Find the probability that a $9$ card hand has exactly $2$ three of a kind.
-probability is $\binom{52}{9}$
My approach to this problem started at the assumption that since there are $4$ suits with $13$ cards each, there are $13$ possibilities for the first pair of $3$.
-Since $4$ suits and $3$ cards, choose $3$ of the suits. $13\binom{4}{3}$
-Since another of the same would create a pair of $4$, $12\binom{4}{3}$
-Now we have $6$ cards, $9$ slots, so $\binom{9}{6}$. $13 \cdot 12\binom{4}{3}^2$
-$3$ slots left, $11~\text{cards} \cdot 10~\text{cards} \cdot 9~\text{cards}$, we have to account for the fact that order doesn't matter, so divide by $3!$.
So $13 \cdot 12 \cdot \binom{4}{3}^2 \cdot \binom{9}{6} \cdot \binom{11}{3}$, which is wrong. I'm not completely sure where my mistake was. Also a strange follow up question, if anyone used to be prone to these kinds of mistakes, are there any insights to make things more clear?
The number of ways we can select a hand of nine cards drawn from a $52$ card deck is $$\binom{52}{9}$$
Method 1: We consider two cases. We select two three of a kinds, a pair, and a single card or two three of a kinds and three single cards.
A deck of cards contains $13$ ranks (2, 3, 4, 5, 6, 7, 8, 9, 10, J, Q, K, A), each of which has four suits ($\color{red}{\heartsuit}, \color{red}{\diamondsuit}, \clubsuit, \spadesuit$).
Two three of a kinds, a pair, and a single card:
We select two ranks from which the three of a kinds are drawn.

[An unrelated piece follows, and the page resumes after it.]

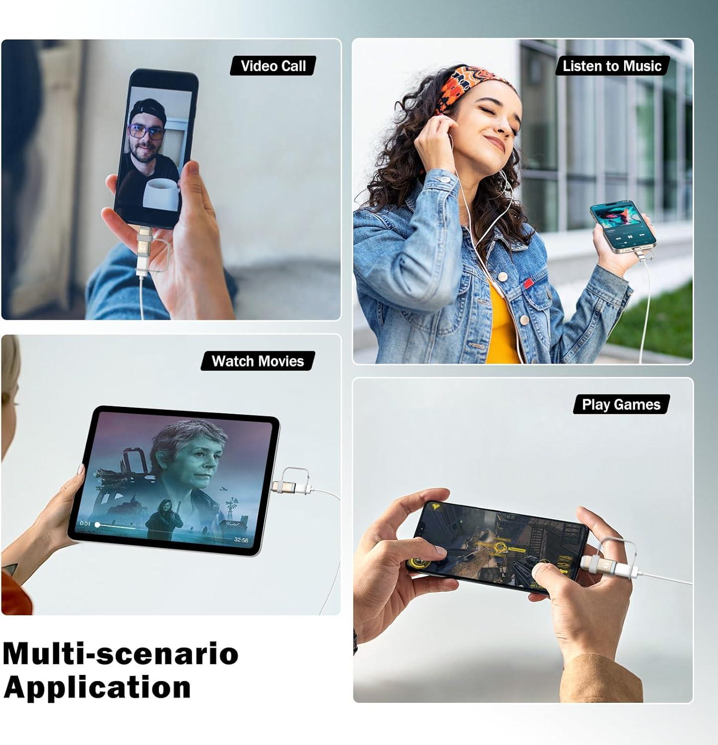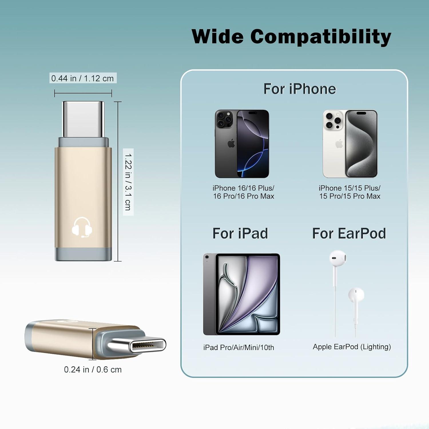 Wide Compatibility: The lightning to usb c audio adapter is compatible with most Type-C devices, such as iPhone 16/16 Plus/16 Pro/16 Pro Max, iPhone 15/15 Plus/15 Pro/15 Pro Max, iPad Pro 13'' 2024, iPad Pro 11'' 2024, iPad Air 13'' 2024, iPad Air 11'' 2024, iPad Pro 12.9''/11'', iPad 10th Gen 2022, iPad Air 4/5, iPad Mini 6, Galaxy S24/23/22/21 Series, Galaxy Z Flip/Fold Series, Huawei, Pixel and more.
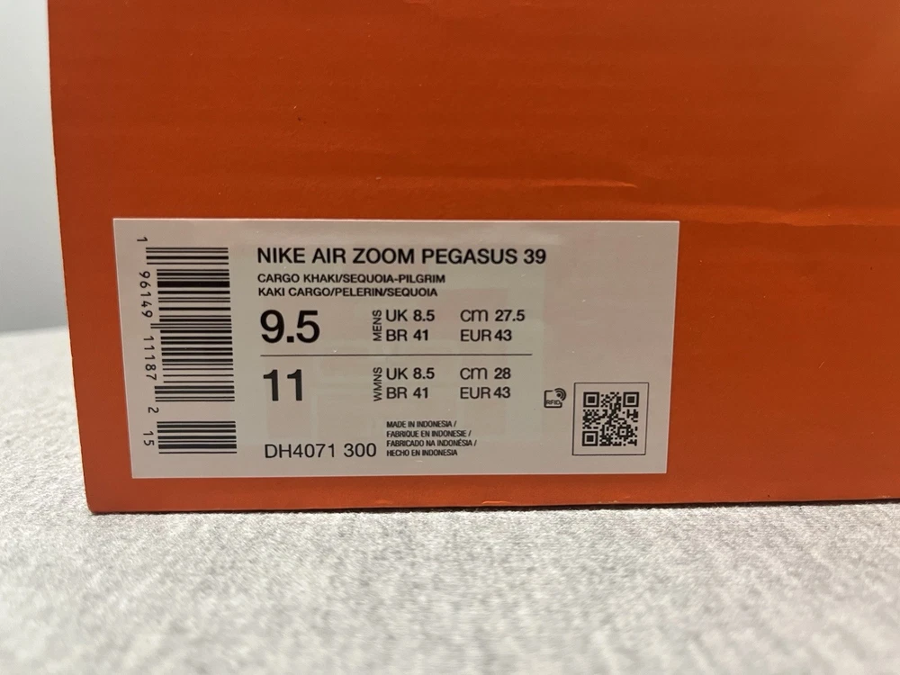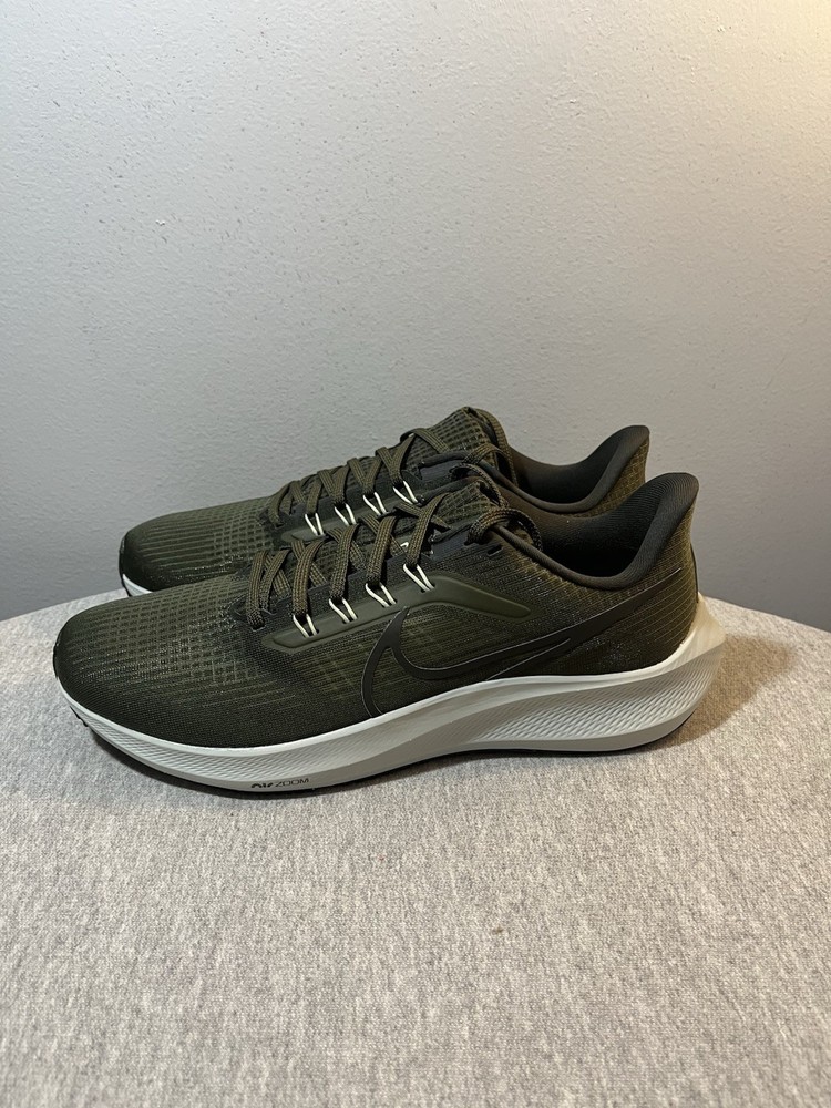 Nike Air Zoom Pegasus 39 Cargo Khaki Running Men's Shoe Size 9.5 DH4071-300 New with the top Lid of the box missing. We always carefully package and ship right away. Reach out with any questions! Men's 9.5 The pair in our photos is the exact pair you are purchasing. Make sure to follow us. We post shoes often and offer bundle pricing.

From each of these ranks, we select three of the four suits. From the remaining eleven suits, we select one for the pair. For this rank, we select two of the four suits. From the remaining ranks, we select one for the single card. We select one of the four suits from this rank.
$$\binom{13}{2}\binom{4}{3}^2\binom{11}{1}\binom{4}{2}\binom{10}{1}\binom{4}{1}$$
Two three of a kinds and three single cards:
We select two ranks from which the three of a kinds are drawn. From each of these ranks, we choose three of the four suits. From the remaining eleven suits, we select three from which a single card will be drawn. From each of the selected ranks, we choose one of the four suits.
$$\binom{13}{2}\binom{4}{3}^2\binom{11}{3}\binom{4}{1}^3$$
Total: Since the cases are mutually disjoint, the number of ways we can select nine-card hands with exactly two three of a kinds is $$\binom{13}{2}\binom{4}{3}^2\binom{11}{1}\binom{4}{2}\binom{10}{1}\binom{4}{1} + \binom{13}{2}\binom{4}{3}^2\binom{11}{3}\binom{4}{1}^3$$
Hence, the probability of selecting a nine-card hand with exactly two three of a kind is $$\frac{\dbinom{13}{2}\dbinom{4}{3}^2\dbinom{11}{1}\dbinom{4}{2}\dbinom{10}{1}\dbinom{4}{1} + \dbinom{13}{2}\dbinom{4}{3}^2\dbinom{11}{3}\dbinom{4}{1}^3}{\dbinom{52}{9}}$$
Method 2: We count the number of nine-card hands in which we select two three of a kinds without selecting a third three of a kind.
We select two of thirteen ranks. From each of these ranks, we choose three of the four suits. Since we cannot choose any more cards from these ranks, we have $52 - 2 \cdot 4 = 44$ cards from which we can select the remaining cards. However, we must exclude the possibility that we select three cards from one of the remaining eleven ranks. Thus, the number of nine-card hands with exactly two three of a kinds is $$\binom{13}{2}\binom{4}{3}^2\left[\binom{44}{3} - \binom{11}{1}\binom{4}{3}\right]$$ Hence, the probability that a nine-card hand contains exactly two three of a kinds is $$\frac{\dbinom{13}{2}\dbinom{4}{3}^2\left[\dbinom{44}{3} - \dbinom{11}{1}\dbinom{4}{3}\right]}{\dbinom{52}{9}}$$
Method 3: We subtract the number of hands with three three of a kinds from those with at least two three of a kinds.
This is an adaptation of a method proposed by @HughEntwistle.
Hands with at least two three of a kinds:
We select two ranks from which three cards will be selected. We select three of the four suits of each selected rank. Since we cannot select any more cards from these two ranks, we select the remaining three cards in the hand from the remaining $52 - 2 \cdot 4 = 44$ cards.
$$\binom{13}{2}\binom{4}{3}^2\binom{44}{3}$$ However, we have counted hands with three three of a kinds three times, once for each of the $\binom{3}{2}$ ways we can designate two of the three ranks as our two three of a kinds. We must exclude these.
Hands with three three of a kinds:
We choose three of the thirteen ranks. For each rank we select, we choose three of the four suits.
$$\binom{13}{3}\binom{4}{3}^3$$
Hence, the number of nine-card hands with exactly two three of a kinds is $$\binom{13}{2}\binom{4}{3}^2\binom{44}{3} - 3\binom{13}{3}\binom{4}{3}^3$$ Therefore, the probability that a nine-card hand contains exactly two three of a kinds is $$\frac{\dbinom{13}{2}\dbinom{4}{3}^2\dbinom{44}{3} - \dbinom{3}{2}\dbinom{13}{3}\dbinom{4}{3}^3}{\dbinom{52}{9}}$$